Items listed in a dataset
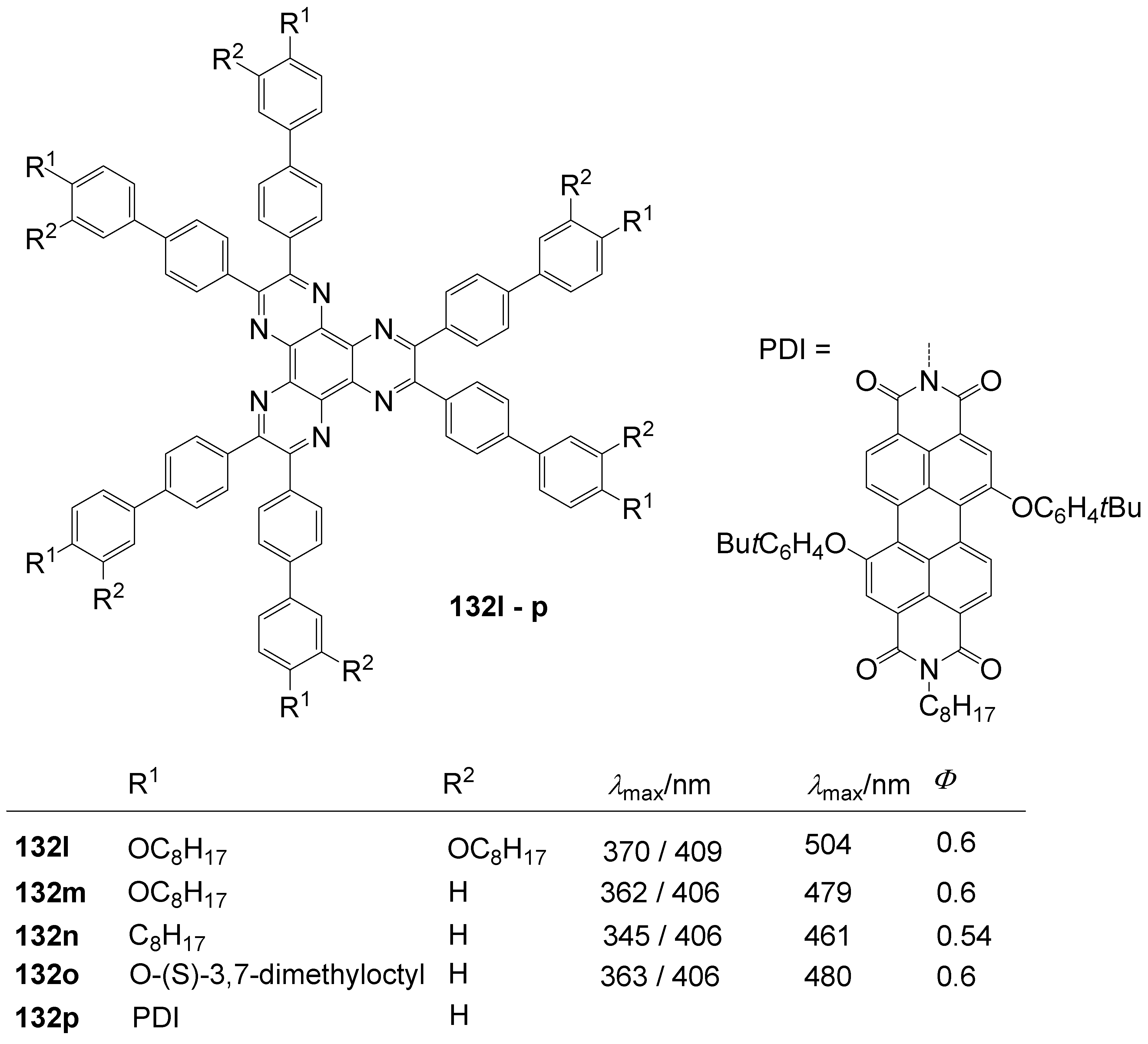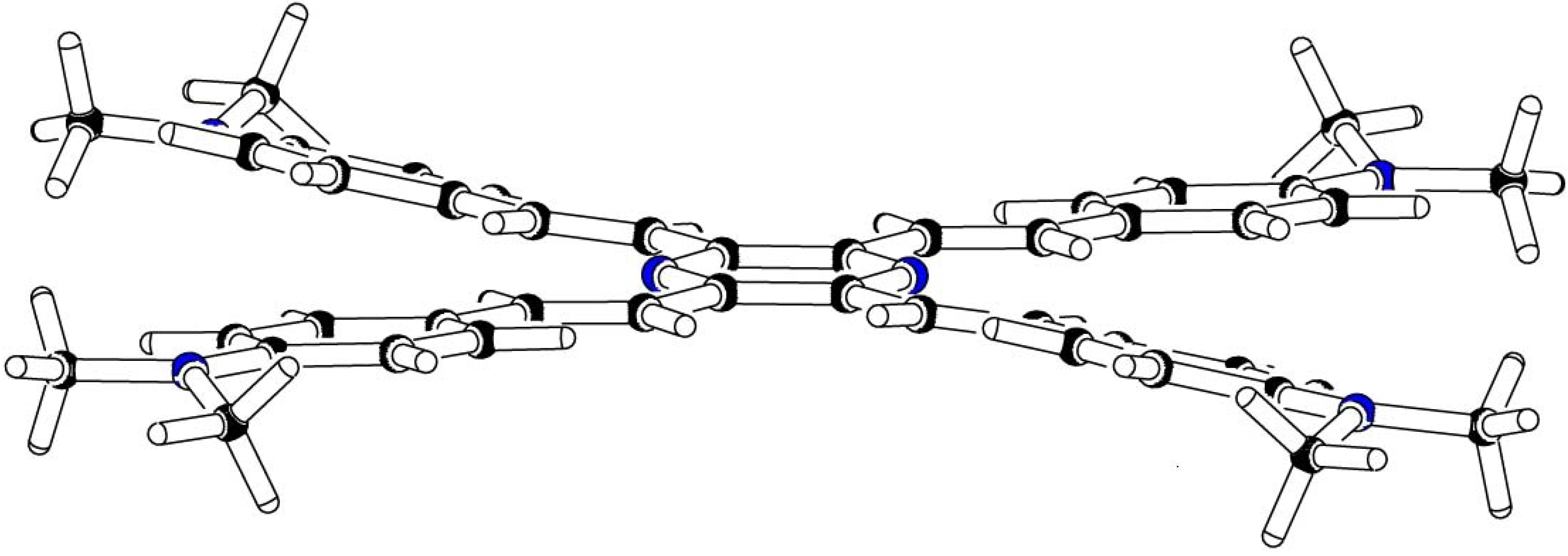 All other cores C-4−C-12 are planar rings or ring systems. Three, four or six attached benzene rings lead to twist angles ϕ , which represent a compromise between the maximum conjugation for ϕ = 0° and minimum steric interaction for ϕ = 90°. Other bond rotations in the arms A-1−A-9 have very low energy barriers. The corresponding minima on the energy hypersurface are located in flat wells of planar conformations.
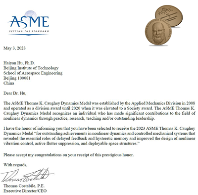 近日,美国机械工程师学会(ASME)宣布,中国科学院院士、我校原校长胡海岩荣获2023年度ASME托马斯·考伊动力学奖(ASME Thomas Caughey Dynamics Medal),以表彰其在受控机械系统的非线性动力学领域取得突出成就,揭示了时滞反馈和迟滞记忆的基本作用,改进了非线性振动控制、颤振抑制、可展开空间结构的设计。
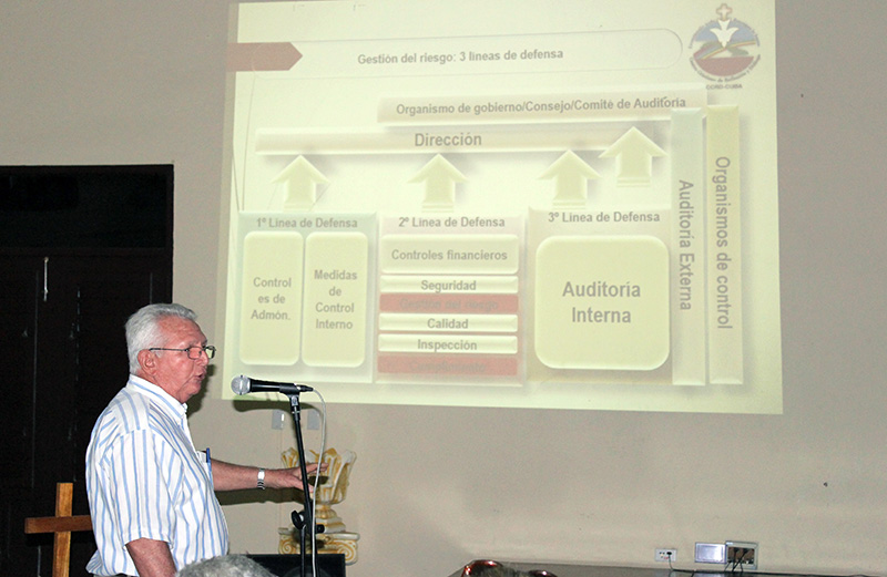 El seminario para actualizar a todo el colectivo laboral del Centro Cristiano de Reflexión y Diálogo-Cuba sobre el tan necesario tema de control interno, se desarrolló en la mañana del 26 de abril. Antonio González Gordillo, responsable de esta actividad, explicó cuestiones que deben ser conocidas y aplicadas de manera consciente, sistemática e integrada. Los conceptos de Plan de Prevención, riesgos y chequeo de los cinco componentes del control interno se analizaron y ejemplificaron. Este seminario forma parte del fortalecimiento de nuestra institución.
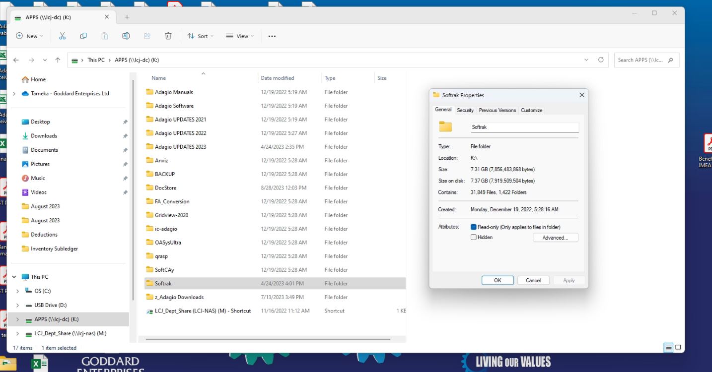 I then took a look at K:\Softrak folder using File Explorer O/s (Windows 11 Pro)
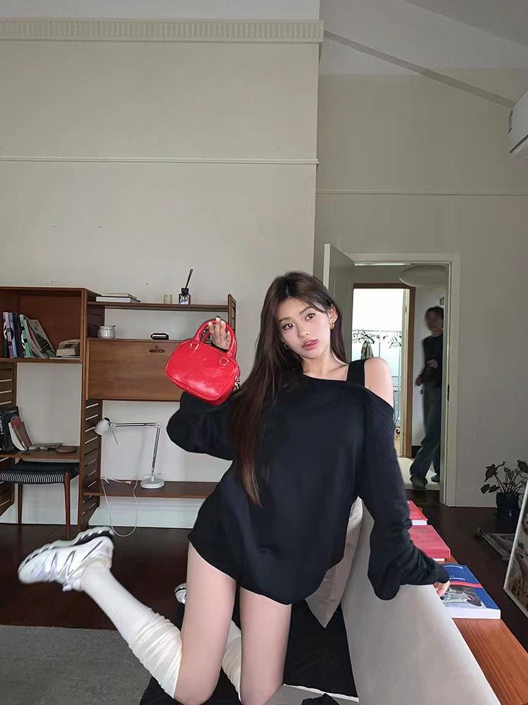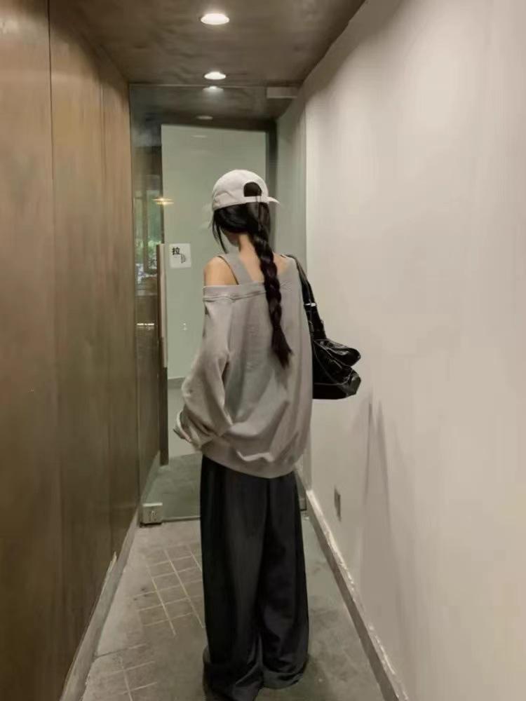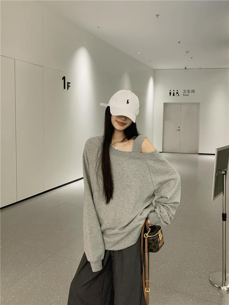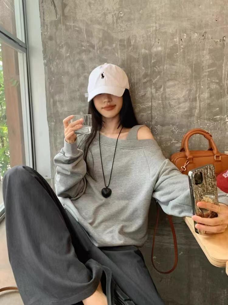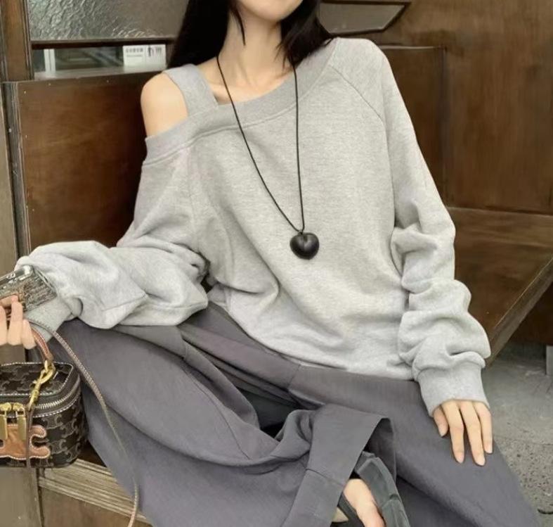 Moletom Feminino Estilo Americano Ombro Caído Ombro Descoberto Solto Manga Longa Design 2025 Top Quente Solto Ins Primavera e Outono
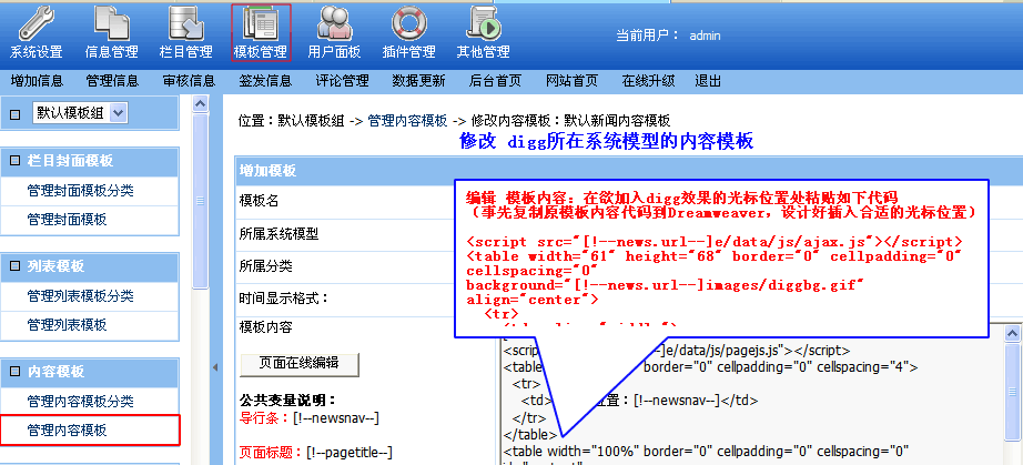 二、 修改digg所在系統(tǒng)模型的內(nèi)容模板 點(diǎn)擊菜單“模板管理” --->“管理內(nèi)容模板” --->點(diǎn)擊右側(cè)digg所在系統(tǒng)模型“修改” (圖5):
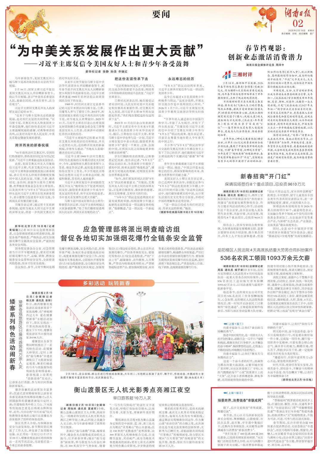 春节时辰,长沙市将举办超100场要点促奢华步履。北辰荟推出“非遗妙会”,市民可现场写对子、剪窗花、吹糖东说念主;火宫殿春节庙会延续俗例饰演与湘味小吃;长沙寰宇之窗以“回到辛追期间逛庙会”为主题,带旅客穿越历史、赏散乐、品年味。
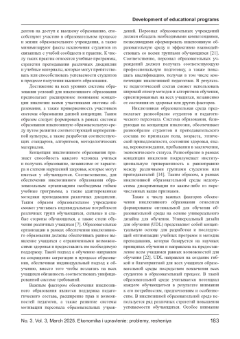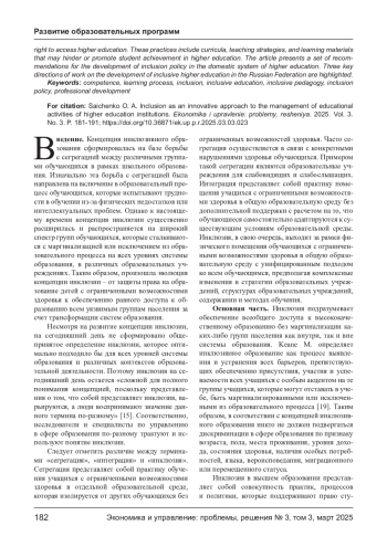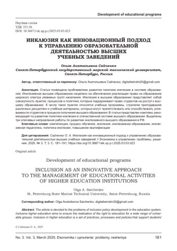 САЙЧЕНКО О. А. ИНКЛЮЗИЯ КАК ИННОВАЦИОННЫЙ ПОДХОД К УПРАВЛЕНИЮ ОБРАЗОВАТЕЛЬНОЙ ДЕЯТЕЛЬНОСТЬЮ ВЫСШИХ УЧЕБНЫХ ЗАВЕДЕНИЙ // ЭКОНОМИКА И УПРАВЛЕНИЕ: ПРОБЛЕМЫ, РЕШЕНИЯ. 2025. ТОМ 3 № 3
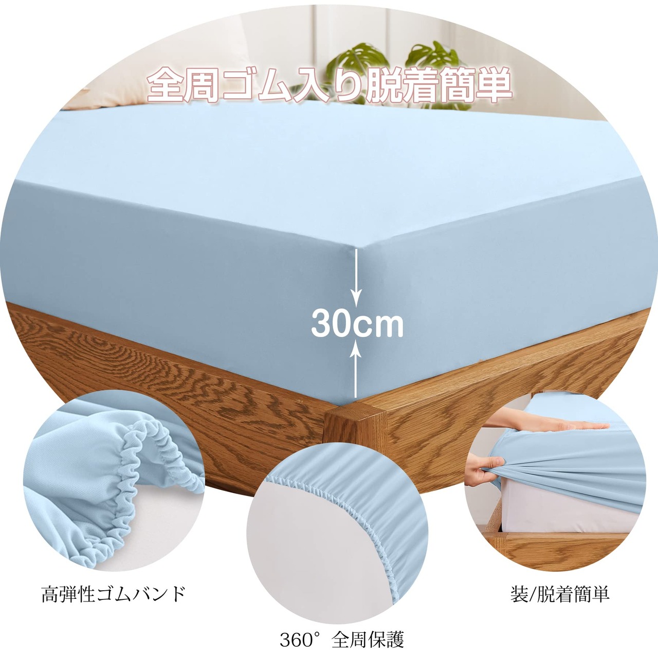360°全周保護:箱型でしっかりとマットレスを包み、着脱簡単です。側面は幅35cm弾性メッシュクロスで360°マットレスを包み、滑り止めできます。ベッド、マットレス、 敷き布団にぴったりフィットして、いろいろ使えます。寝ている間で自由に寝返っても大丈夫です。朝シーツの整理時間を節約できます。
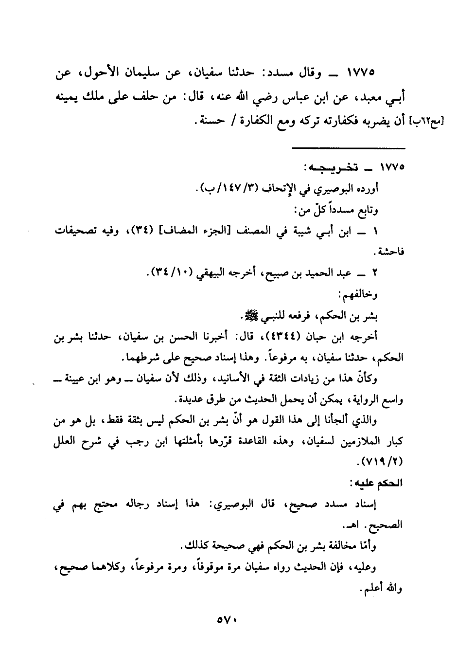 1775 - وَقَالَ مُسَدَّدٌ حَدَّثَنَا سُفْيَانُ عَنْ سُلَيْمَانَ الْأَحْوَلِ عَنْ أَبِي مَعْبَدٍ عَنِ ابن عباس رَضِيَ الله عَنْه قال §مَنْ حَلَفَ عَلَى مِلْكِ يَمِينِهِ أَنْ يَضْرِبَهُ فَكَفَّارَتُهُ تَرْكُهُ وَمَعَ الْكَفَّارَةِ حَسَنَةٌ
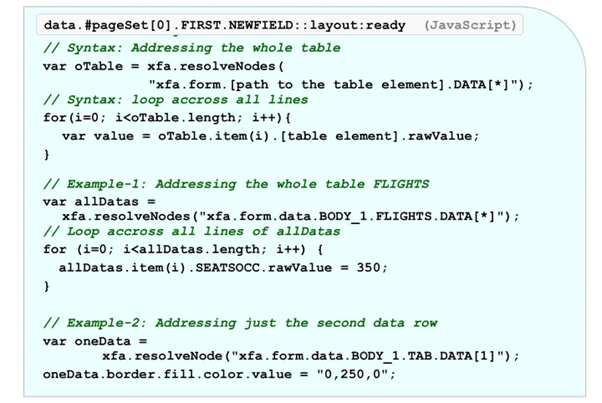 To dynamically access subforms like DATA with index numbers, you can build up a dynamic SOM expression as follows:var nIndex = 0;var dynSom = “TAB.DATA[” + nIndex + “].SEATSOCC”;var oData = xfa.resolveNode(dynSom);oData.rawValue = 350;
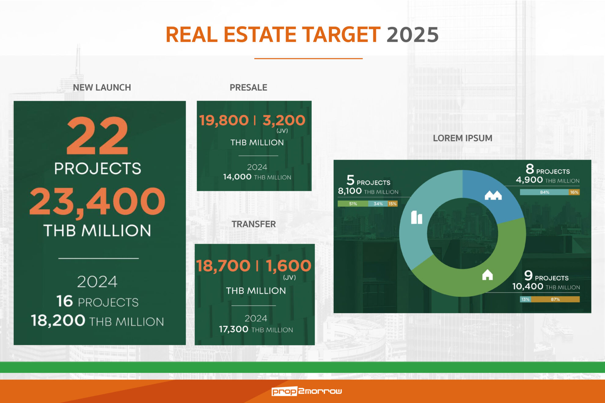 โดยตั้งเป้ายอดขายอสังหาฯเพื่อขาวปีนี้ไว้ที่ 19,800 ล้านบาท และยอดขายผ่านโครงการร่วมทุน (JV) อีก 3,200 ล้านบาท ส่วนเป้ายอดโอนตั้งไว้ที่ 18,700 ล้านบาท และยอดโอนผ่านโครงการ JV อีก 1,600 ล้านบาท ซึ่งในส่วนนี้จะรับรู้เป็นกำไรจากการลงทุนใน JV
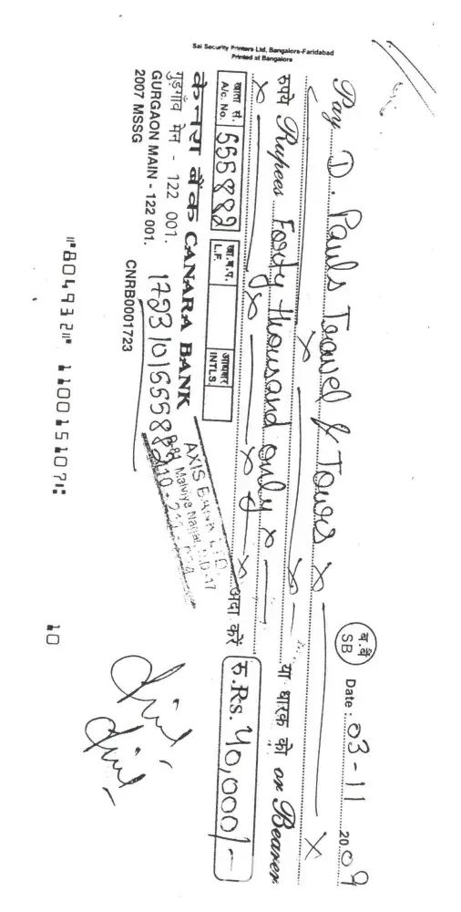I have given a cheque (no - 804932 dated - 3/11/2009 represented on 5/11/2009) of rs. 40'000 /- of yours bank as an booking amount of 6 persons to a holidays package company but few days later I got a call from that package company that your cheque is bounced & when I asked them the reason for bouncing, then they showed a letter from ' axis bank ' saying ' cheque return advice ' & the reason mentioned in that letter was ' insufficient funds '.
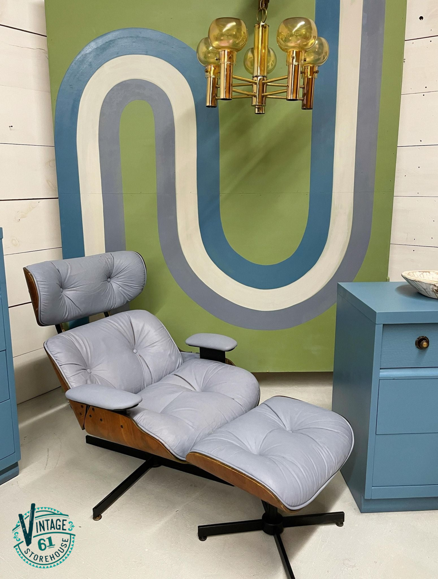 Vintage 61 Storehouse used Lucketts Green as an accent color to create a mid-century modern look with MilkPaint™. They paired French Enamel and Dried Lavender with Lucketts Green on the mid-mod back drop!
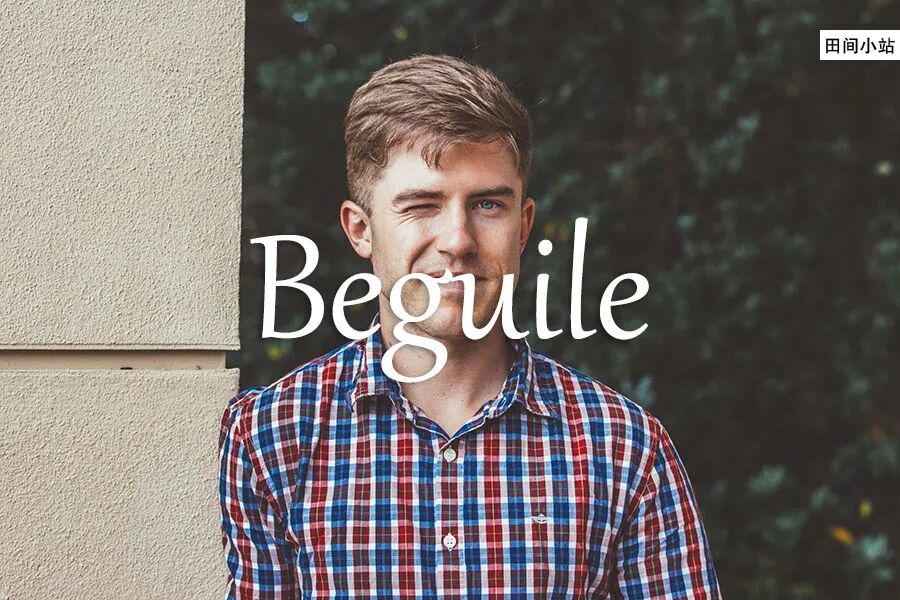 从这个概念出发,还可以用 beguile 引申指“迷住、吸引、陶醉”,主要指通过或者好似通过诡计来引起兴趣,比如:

* Problem details: Going by the entries above, repeat exactly the lines that start at the line with "360°全周保護:箱型でしっ" and go on through the line with "1775 - وَقَالَ". Pictures are not part of the copy.

* Result of this task:
360°全周保護:箱型でしっかりとマットレスを包み、着脱簡単です。側面は幅35cm弾性メッシュクロスで360°マットレスを包み、滑り止めできます。ベッド、マットレス、 敷き布団にぴったりフィットして、いろいろ使えます。寝ている間で自由に寝返っても大丈夫です。朝シーツの整理時間を節約できます。
 1775 - وَقَالَ مُسَدَّدٌ حَدَّثَنَا سُفْيَانُ عَنْ سُلَيْمَانَ الْأَحْوَلِ عَنْ أَبِي مَعْبَدٍ عَنِ ابن عباس رَضِيَ الله عَنْه قال §مَنْ حَلَفَ عَلَى مِلْكِ يَمِينِهِ أَنْ يَضْرِبَهُ فَكَفَّارَتُهُ تَرْكُهُ وَمَعَ الْكَفَّارَةِ حَسَنَةٌ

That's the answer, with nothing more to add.